# GTSF phase I: biomass prediction

In this notebook, we are forecasting the weights by finding the closest blender model

### Look at the volumes created with blender

Load blender data

In [None]:
import pandas as pd
import matplotlib.pyplot as plt
import numpy as np
import json
import cv2

import glob
import os
import boto3
import tempfile
from sqlalchemy import create_engine, MetaData, Table, select, and_, func
from sqlalchemy.orm import sessionmaker
from sqlalchemy.ext.automap import automap_base
from sklearn.linear_model import LinearRegression
from sklearn.decomposition import PCA
from scipy.stats import norm
import tqdm
import pickle
from itertools import combinations

from PIL import Image, ImageDraw
from multiprocessing import Pool, Manager
import copy
import uuid
from sklearn.preprocessing import StandardScaler

pd.set_option('display.max_rows', 500)





<h1> Get world keypoint coordinates from GTSF data </h1>

In [None]:
aws_credentials = json.load(open(os.environ["AWS_CREDENTIALS"]))
s3_client = boto3.client('s3', aws_access_key_id=aws_credentials["aws_access_key_id"],
                         aws_secret_access_key=aws_credentials["aws_secret_access_key"],
                         region_name="eu-west-1")

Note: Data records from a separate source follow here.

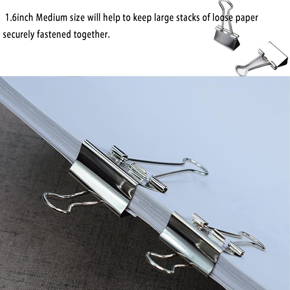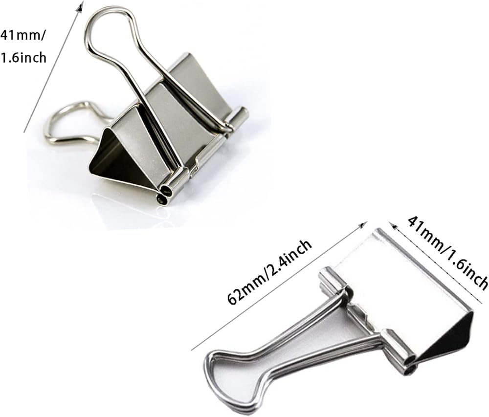 مشابك ربط كبيرة مقاس 1.6 بوصة (50 حزمة)، مشابك ربط كبيرة متوسطة الحجم للوازم المكتب والمنزل، فضي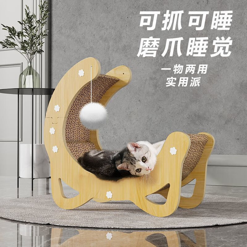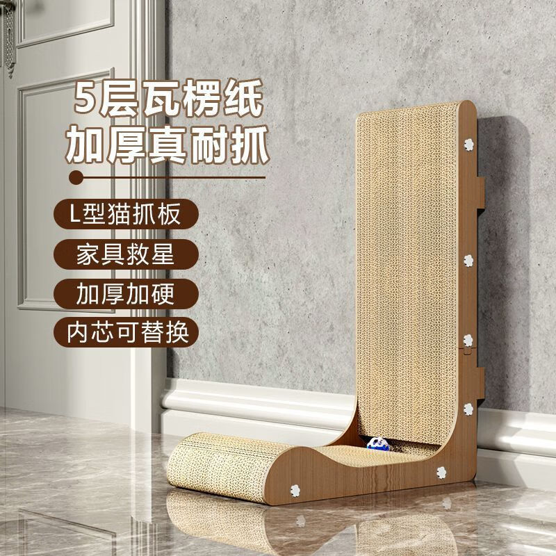 猫抓板窝耐磨不掉屑猫窝沙发防护猫爪板l型猫抓板特大号瓦楞纸立式猫咪磨爪板 ZK猫耳月亮船 收藏+猫薄荷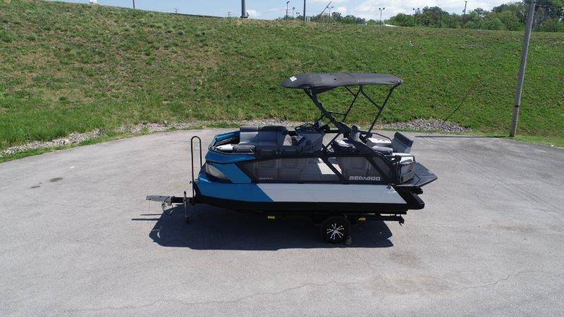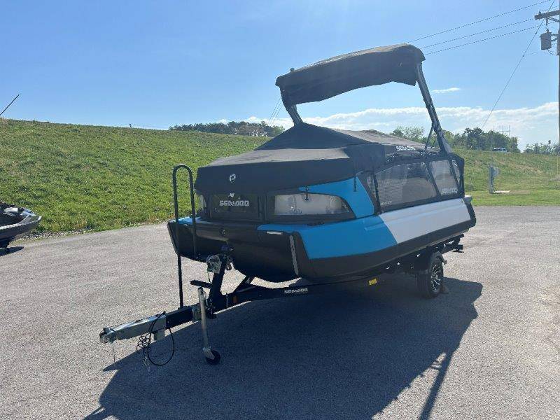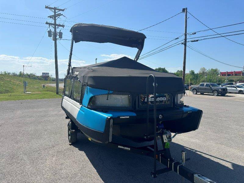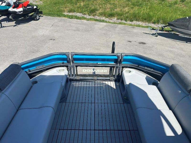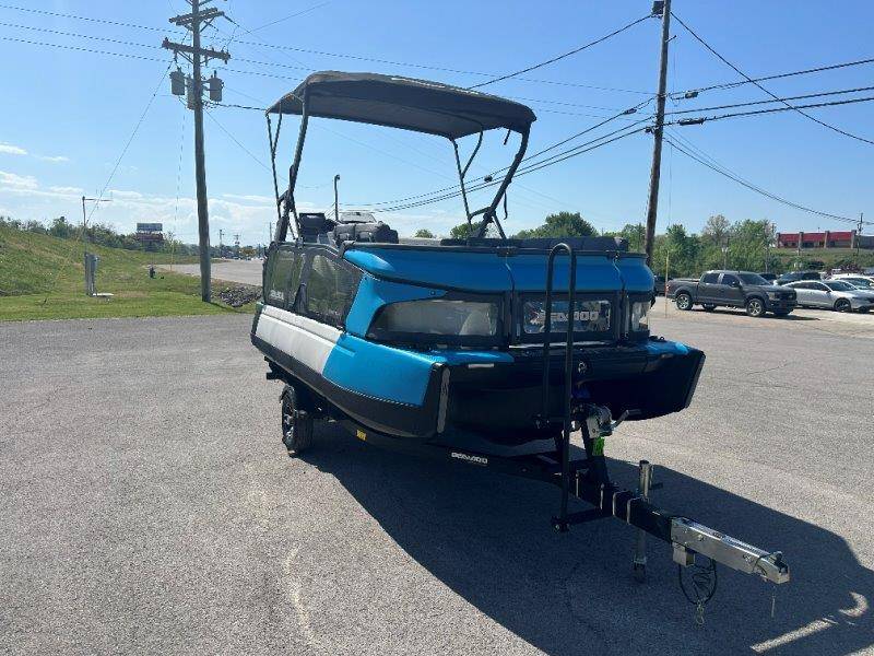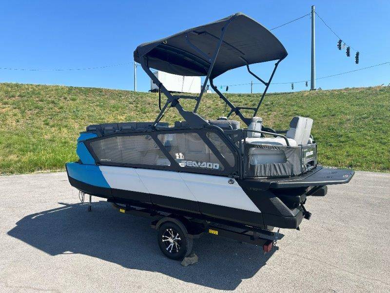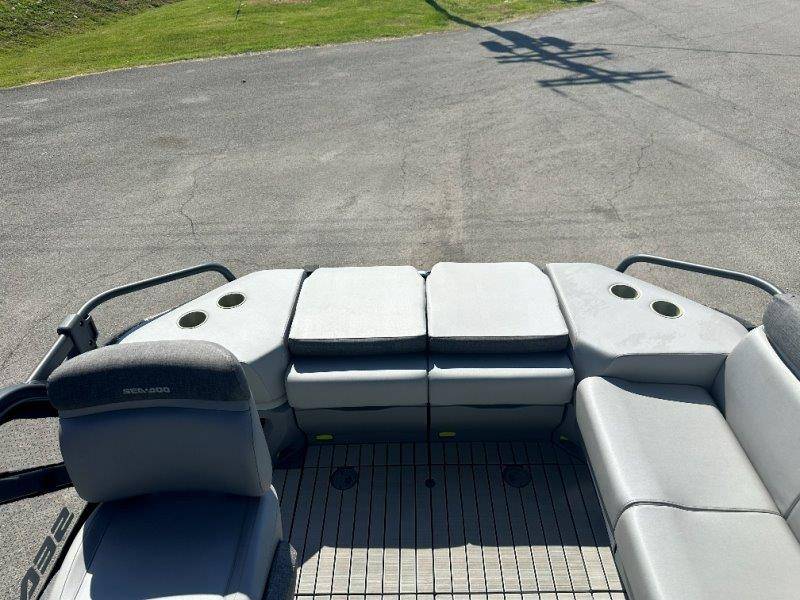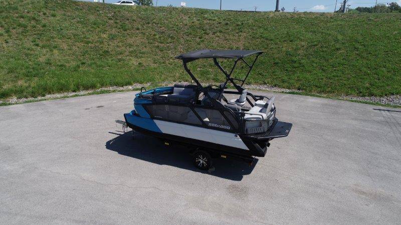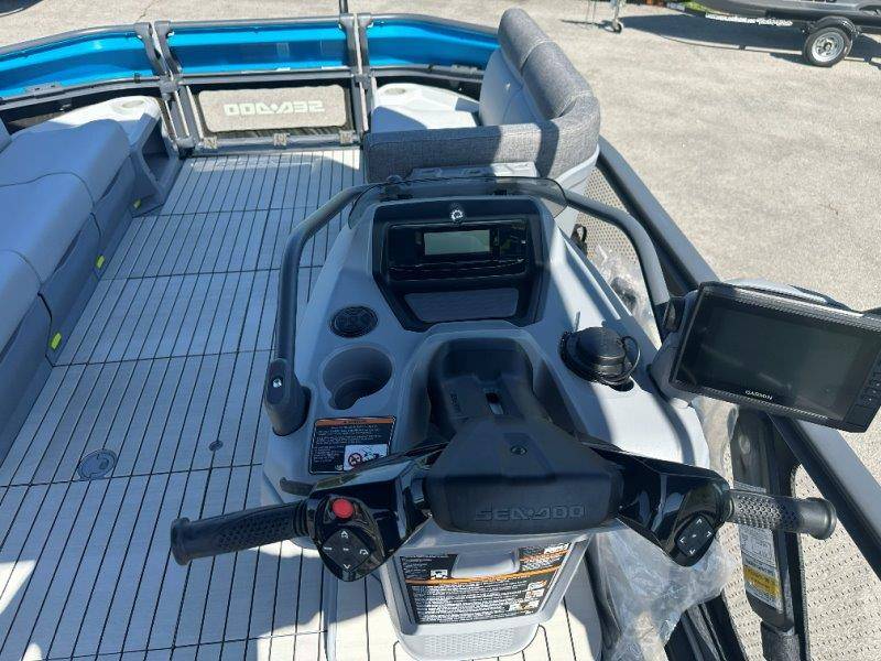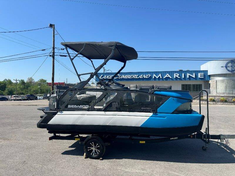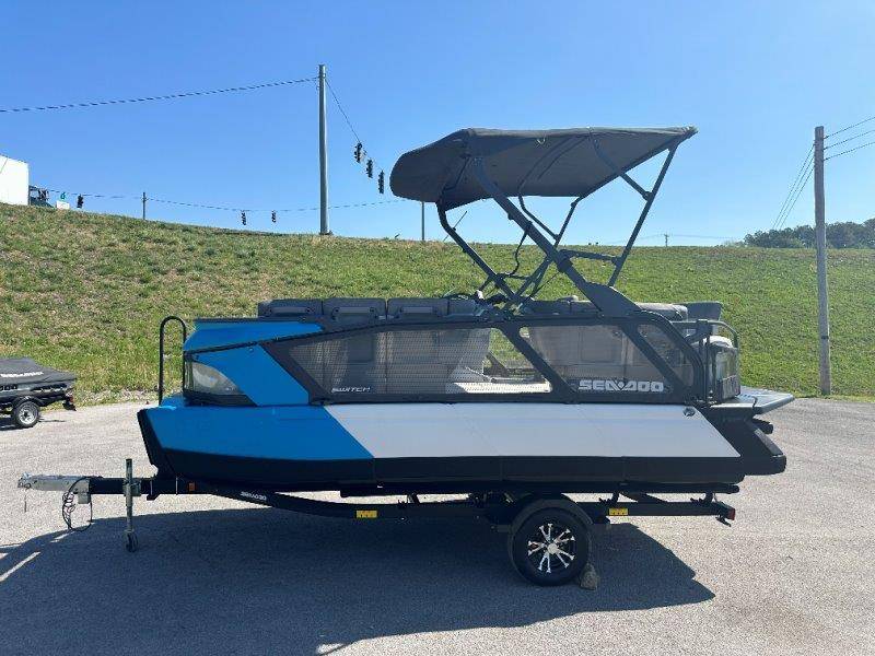 2022 Sea- Doo Switch Cruise 18' 170HP Engine & Performance Engine: Rotax 1630 ACE™ - 170 hp. Horsepower: 170 HP. Cooling: Closed-Loop Cooling System (CLCS). Fuel System: Naturally aspirated; 87 octane recommended. Top Speed: Approx. 37 mph (based on internal BRP testing). Capacity & Dimensions Maximum Person Capacity: 7 (US/Canada). Maximum Load Capacity: 1,135 lb (515 kg). Fuel Capacity: 29 US gal (109.7 L). Length: 17.4 ft (5.3 m). Dry Weight: 2,206 lb (1,001 kg). Key Features Intelligent Brake & Reverse (iBR): Standard brake and maneuverability system. Storage: 187 gal (708 L) total capacity. Helm: 4.5-inch digital display + 7-inch Garmin touchscreen GPS. Layout: Modular deck with LinQ attachment points. Extras: Bimini top, rearview mirror, and glove box with USB port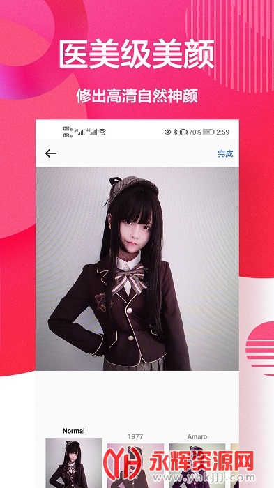 自拍美颜相机王app是一款专为女性朋友打造的美颜相机。自拍美颜相机具有实时美颜技术。它可以帮助您在用户拍照时美化照片。照片更方便观看。自拍美颜相机APP为用户提供了多种照片调整工具,可以对一些劣质照片进行微调,让您的照片更加优质,用户可选择此软件拍照。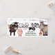 This cute birthday party invitation features funny farm animals; a cow, pig, horse and rooster with a black and white farm scene background.
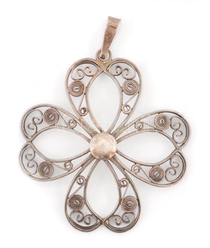 Ezüst(Ag) filigrán medál, jelzett, 4×4 cm, nettó: 4,9 g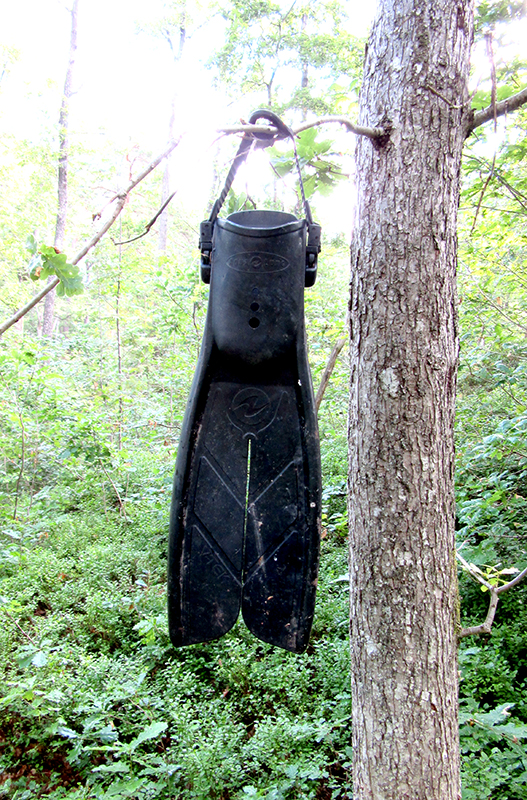 Stemningen i serien er absurd i likhet med sære karakterer og hendelser. Og i går føyk tomme tanker inn i Twin Peaks verdenen. På en sti i skogen, utenfor allfarvei. Blant inntørka blåbær og tørste eiketrær hang den. I en tilstand av total ubesluttsomhet stod jeg en stund stille. Usikker på hva jeg burde foreta meg. . . . . . . . . . . . . . . . Min vanligvis livlige fantasi gav meg ingenting. Tomme tanker var helt tomme her inne i skogen stirrende på en svømmefot. Fire,- Swim With me!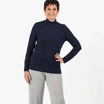 Find warmth and simplicity in this & Maisi brushed marl turtle neck top in classic navy. The brushed marl fabric, made from 95% polyester and 5% elastane, feels soft against the skin while offering stretch for all-day comfort. Its turtle neck design is softly fitted and gently rolled, creating an easy, polished look. With long sleeves and a straight hemline, this top sits beautifully whether tucked in or worn loose. Smart yet comfortable, it’s the kind of wardrobe essential that looks just as good at home as it does out and about.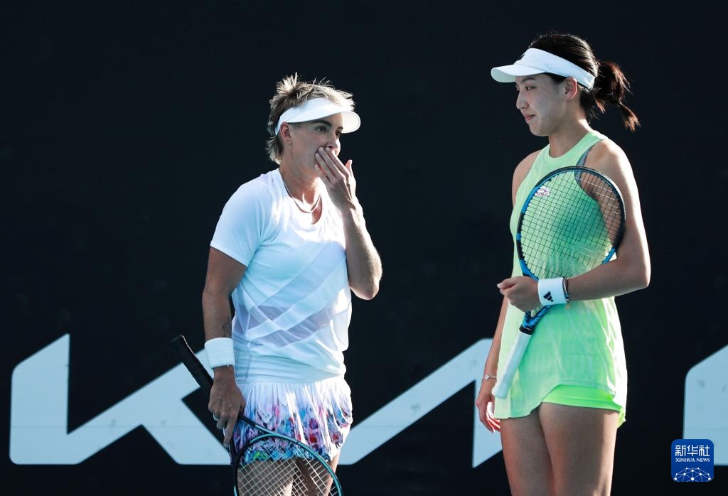 1月16日,王欣瑜(右)/玛迪克-桑兹在比赛中交流。新华社记者 马平 摄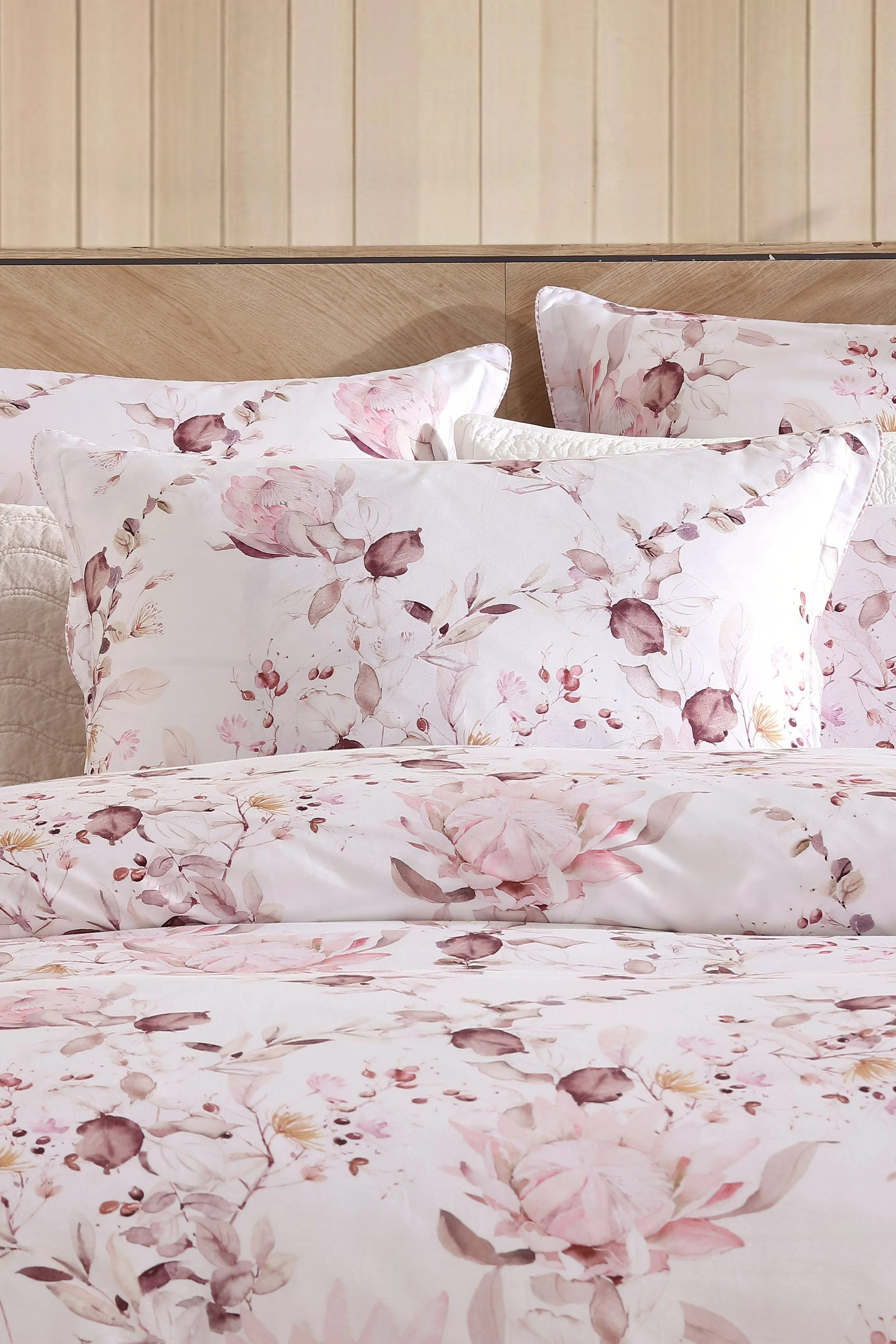 Introducing the "Millicent" Quilt Cover Set – a captivating ensemble featuring watercolour flora and fauna in soft pinks and earthy tones, creating a beautiful all-over print. The reverse side boasts a charming silhouette print on a white base with a touch of rose colour, offering a versatile and elegant option for a serene bedroom retreat.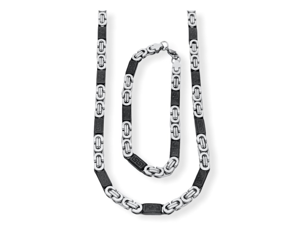 Pánský náhrdelník s náramkem z chirurgické oceli / řecký klíč KA920 + dárkové balení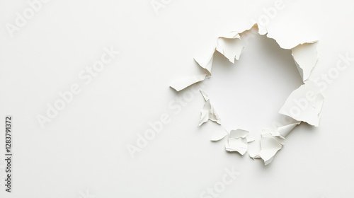 Torn White Paper Hole on Flat Surface for Creative Background Design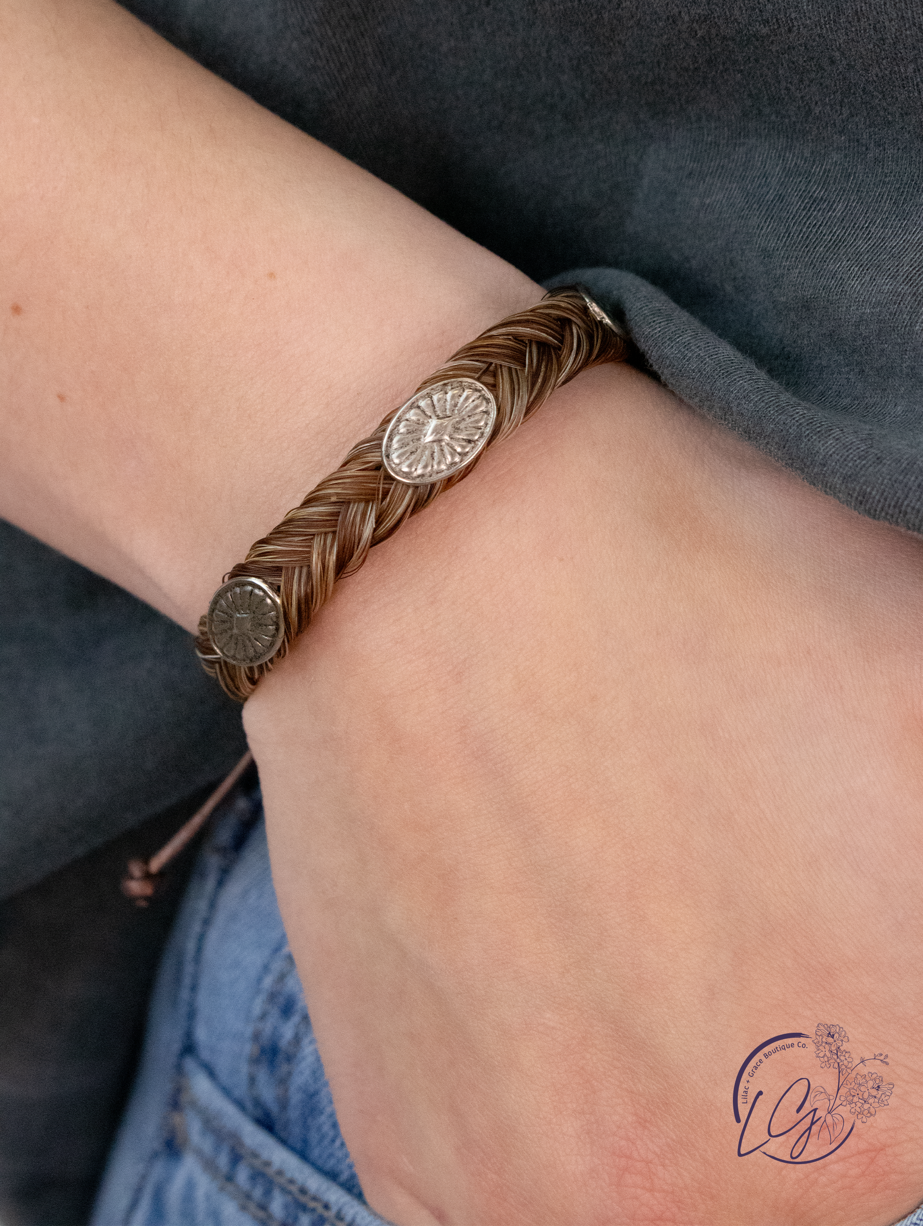 The Virgil Bracelet is named after one of the most famous Bucking horses to come out of Montana. The bracelet features three western style concho as an accent. The bracelet adjusts to fit any size wrist using leather that slides through two pandora style stoppers.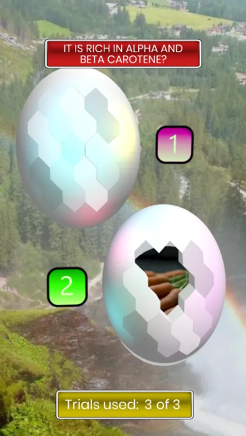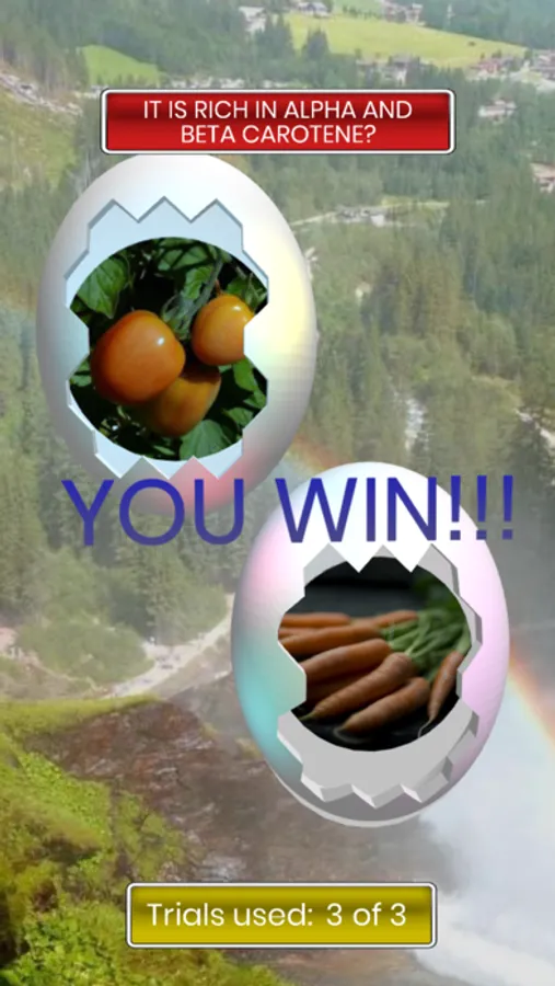 Each trivia question allows you to remove up to three parts of an egg. This triva game was designed with the main purpose of being relaxing, fun and challenging at the same time.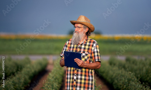 © bobex73, Obraz premium Agriculture. Farmer checking plants in the field and making a notes. Agricultural concept

sql_credentials = json.load(open(os.environ["SQL_CREDENTIALS"]))
sql_engine = create_engine("postgresql://{}:{}@{}:{}/{}".format(sql_credentials["user"], sql_credentials["password"],
                           sql_credentials["host"], sql_credentials["port"],
                           sql_credentials["database"]))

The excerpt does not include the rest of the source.